Work instruction: Since pictures are not part of the copy, please output only the lines from the one with "Women´ Short Sleeve" through the end of the data below, exactly as written.

Supplied data:

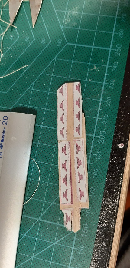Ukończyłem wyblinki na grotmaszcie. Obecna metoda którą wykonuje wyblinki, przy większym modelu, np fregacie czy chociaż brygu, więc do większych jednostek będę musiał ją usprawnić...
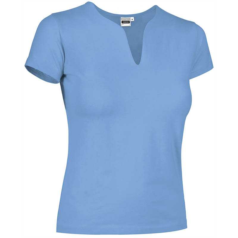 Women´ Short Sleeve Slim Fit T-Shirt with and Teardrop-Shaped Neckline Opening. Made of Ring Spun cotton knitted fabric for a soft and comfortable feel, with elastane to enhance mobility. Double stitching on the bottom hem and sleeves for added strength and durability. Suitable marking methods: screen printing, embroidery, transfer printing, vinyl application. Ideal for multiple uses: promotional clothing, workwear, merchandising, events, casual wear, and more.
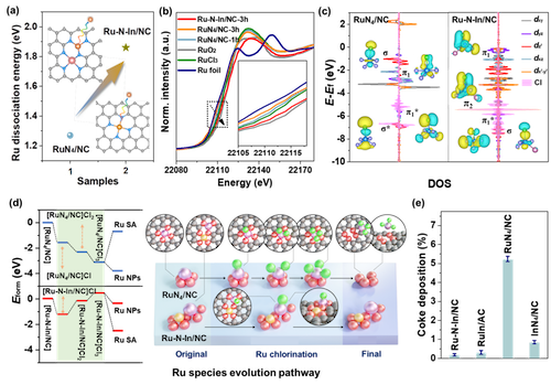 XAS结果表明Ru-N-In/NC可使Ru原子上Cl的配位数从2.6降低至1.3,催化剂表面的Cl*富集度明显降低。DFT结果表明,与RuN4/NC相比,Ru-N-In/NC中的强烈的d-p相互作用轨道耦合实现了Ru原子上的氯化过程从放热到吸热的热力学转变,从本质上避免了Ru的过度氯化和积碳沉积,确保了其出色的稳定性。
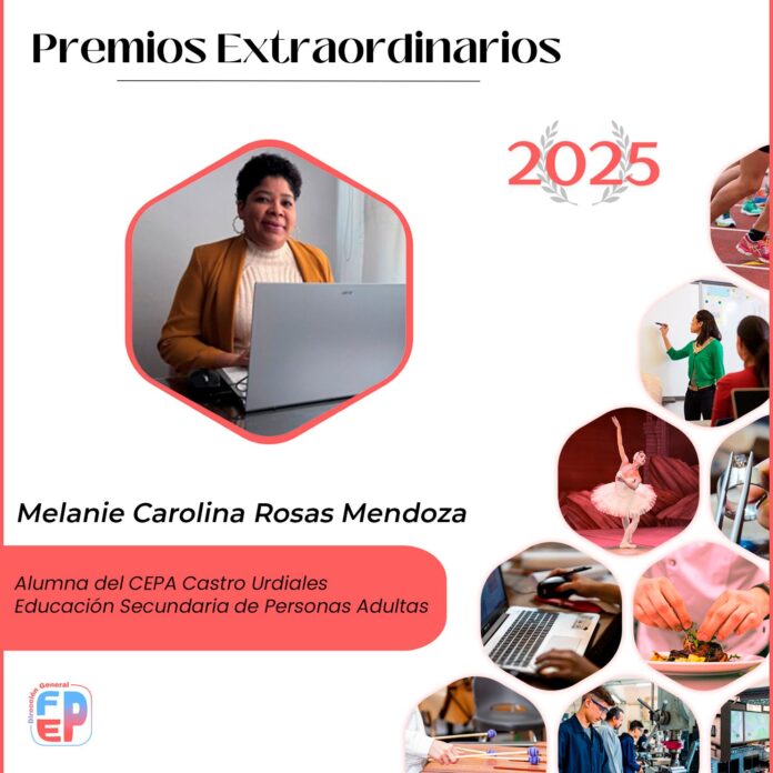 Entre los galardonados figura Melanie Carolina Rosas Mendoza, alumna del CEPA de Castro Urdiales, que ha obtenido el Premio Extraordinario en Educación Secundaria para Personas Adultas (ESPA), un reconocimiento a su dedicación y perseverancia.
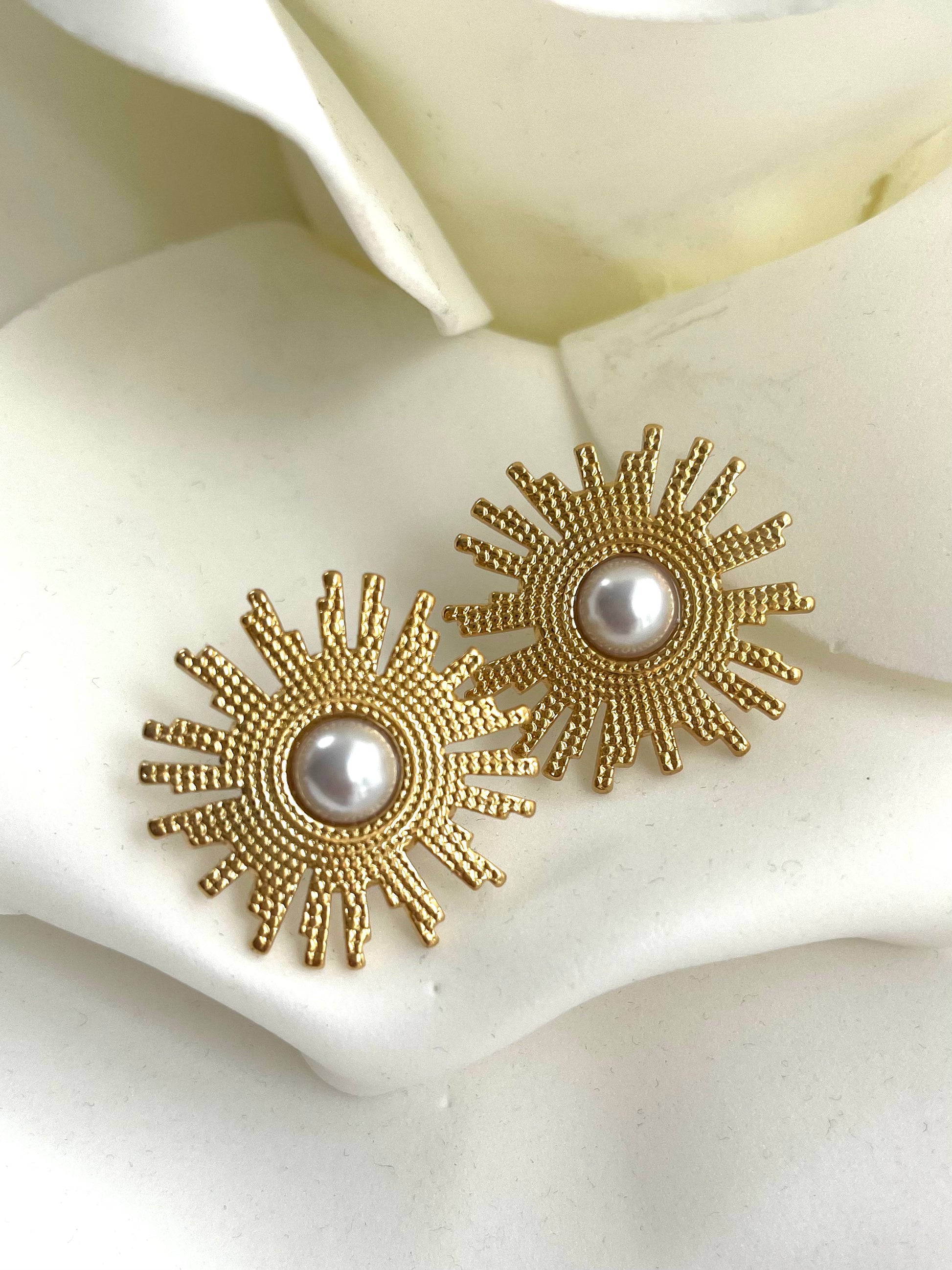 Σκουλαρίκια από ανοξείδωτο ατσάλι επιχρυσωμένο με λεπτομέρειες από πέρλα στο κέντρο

Response:
 Women´ Short Sleeve Slim Fit T-Shirt with and Teardrop-Shaped Neckline Opening. Made of Ring Spun cotton knitted fabric for a soft and comfortable feel, with elastane to enhance mobility. Double stitching on the bottom hem and sleeves for added strength and durability. Suitable marking methods: screen printing, embroidery, transfer printing, vinyl application. Ideal for multiple uses: promotional clothing, workwear, merchandising, events, casual wear, and more.
 XAS结果表明Ru-N-In/NC可使Ru原子上Cl的配位数从2.6降低至1.3,催化剂表面的Cl*富集度明显降低。DFT结果表明,与RuN4/NC相比,Ru-N-In/NC中的强烈的d-p相互作用轨道耦合实现了Ru原子上的氯化过程从放热到吸热的热力学转变,从本质上避免了Ru的过度氯化和积碳沉积,确保了其出色的稳定性。
 Entre los galardonados figura Melanie Carolina Rosas Mendoza, alumna del CEPA de Castro Urdiales, que ha obtenido el Premio Extraordinario en Educación Secundaria para Personas Adultas (ESPA), un reconocimiento a su dedicación y perseverancia.
 Σκουλαρίκια από ανοξείδωτο ατσάλι επιχρυσωμένο με λεπτομέρειες από πέρλα στο κέντρο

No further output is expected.